Ганночка уже не переспрашивает. Она сидит совсем тихо, смотрит на деда и на все вокруг не шевелясь… И дед догадывается, в чем тут дело.
— Сейчас, внученька, доплывем. Кабы не эта колода, так мы бы с тобой… Ах, ты! Видели вы?..
Он отпустил весла и выхватил из-под себя дощечку дорожки.
— Ага! И здоровая, видать! Ты только, внученька, сиди! А я ее… Дай бог побольше!..
Старик стоял в лодке во весь свой высокий рост и, по-молодому радостно-взволнованный, туго наматывал дорожку на дощечку.
— Погоди!
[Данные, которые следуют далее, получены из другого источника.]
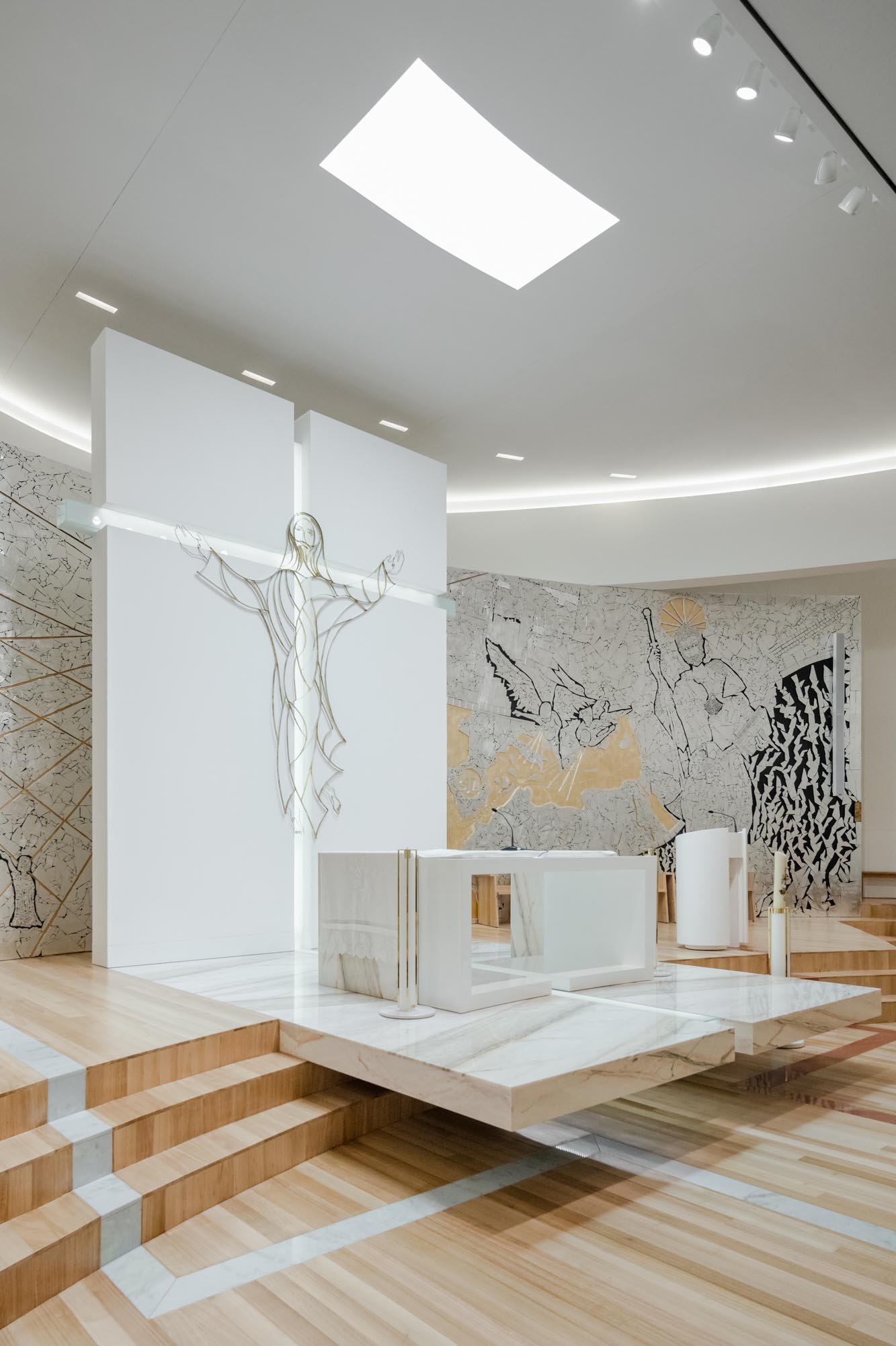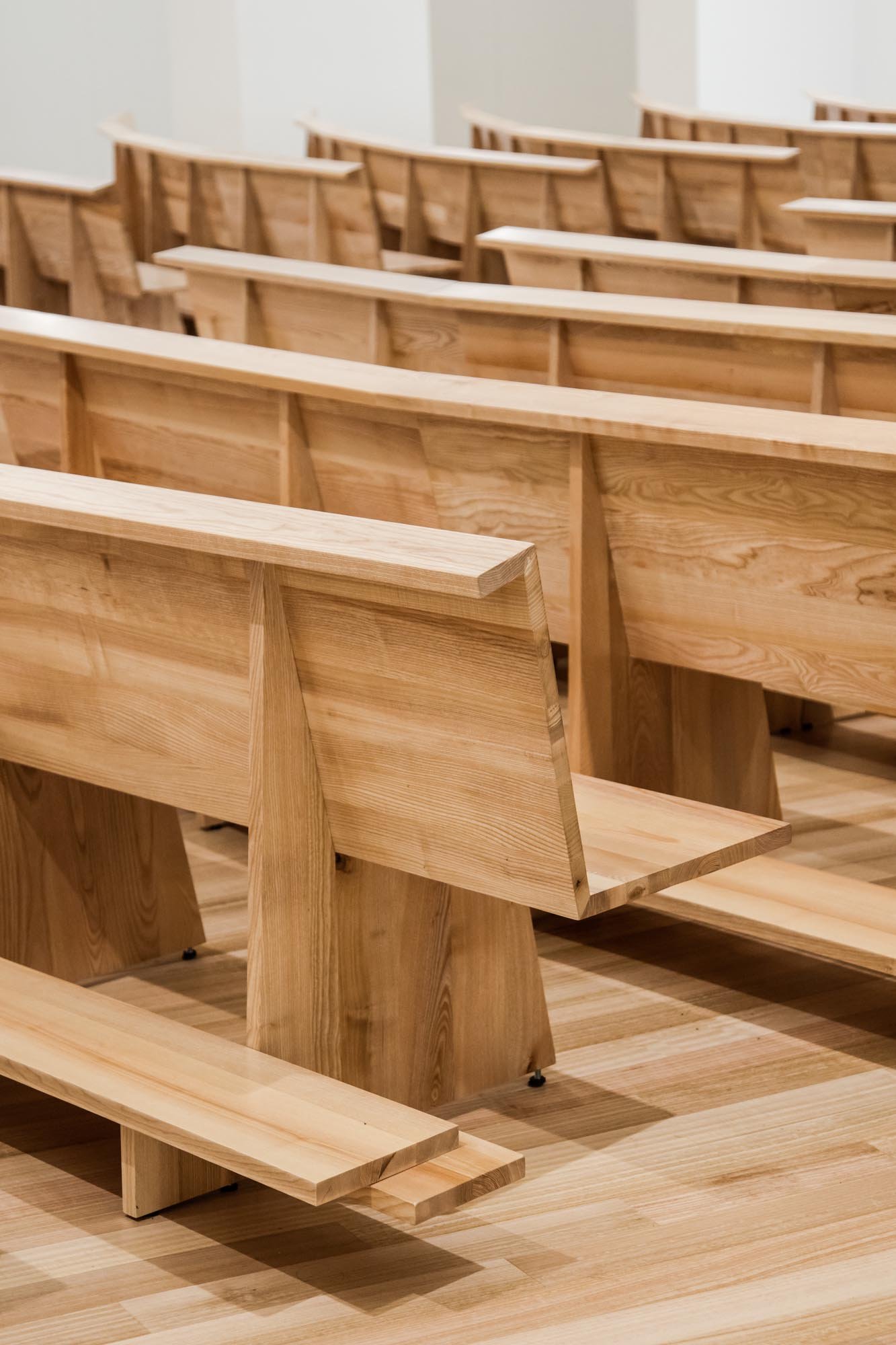 En la planta principal, nivel 0, se desarrolla el espacio para celebraciones, con capacidad para más de 500 personas. Detrás del altar se encuentran todos los puntos relacionados con el pastor y el sacristán. En la planta inferior, nivel -1, se ubican 5 espacios para catequesis, uno de los cuales tiene capacidad para acoger a unas 200 personas, y puede ser utilizado para espectáculos o conferencias.

Покажи свой норов! Коли уж ты, дуреха, зацепилась в этакую пору, так я тебя… Ага!..
Над водой показалась раскрытая в смертельном ужасе пасть хищницы.
Увидев этакий печной зев, такие ворота, большинство спиннингистов кричат обычно: «Килограммов, брат, десять!» И перехватывают, конечно, раза в три, в четыре. Дед Вячера слишком уже привык к этой купле на глаз: он ошибался только на граммы. А все же и он волновался сейчас, как юнец.
Взятая на надежную привязь щука, как «овсяный» жеребчик на корде, не очень долго и хорохорилась. Старик то отпускал ее, то снова натягивал дорожку, а потом, учуяв момент, поволок без лишних слов. Нагнувшись, он взял со дна большой сачок, ловко подвел его под щуку и отпустил дорожку. Насмерть перепуганная дурында отчаянно, слепо нырнула в большую сетчатую торбу и, вот уже заколыхалась в ней над поверхностью воды, вот уже, освобожденная из сачка, шлепнулась на дно лодки. Старик вцепился одной рукой в ее толстый, как полено, хребет, другой мощным рывком прижал храп книзу и услышал, как внутри, в зашейке, щуки хрустнула кость. Блестящая скользкая рыбина перестала упруго и лихорадочно биться в руках, обмякла и легла на черное, просмоленное днище. Зеленовато-золотистая, в белый горошек.
— Два с половиной, от силы два шестьсот, — переводя дыхание, сказал, глядя на добычу, старик.
Слегка испуганная всей этой возней, светленькая Ганночка уже смеялась, подпрыгивая на лавке, всплескивая пухлыми загорелыми ручками:
— Михасю! Дедуля, миленький, Михасю! И щуку, и мешок с силявой — все!
— Все, внученька, все ему, — говорил, еще тяжело дыша, дед, снова берясь за весла.
4
Силява очень вкусна и в ухе. И мудрить долго не к чему: перемыл ее да в чугун, чем больше, тем будет жирней и вкусней. Соли туда, пару картофелин, если есть под рукой, хотя бы одну луковицу. Известно, если б перцу да лаврового листа — еще бы лучше. А то есть у некоторых мускатный орех… Эх, жаль сироту — не стерпеть животу! Сохрани, боже, от горшей беды, нежели уха без этого ореха или без перцу…
На загуменье деревни Нивищи, на сухом песочке, в трех шагах от озера, у ольхового куста, шевелится, потрескивает небольшой костер. В бледном пламени стоит треножка, а на ней большой чугун. Уха только что поставлена. Дочка деда Вячеры, еще не старая, подвижная вдова Надя, только что прибежала со жнива — сварить обед мастерам, перекладывающим хату. Поставив уху, Надя чистит щуку. «Рыба с рыбой… Ну что ж! Ведь не у себя в печи…»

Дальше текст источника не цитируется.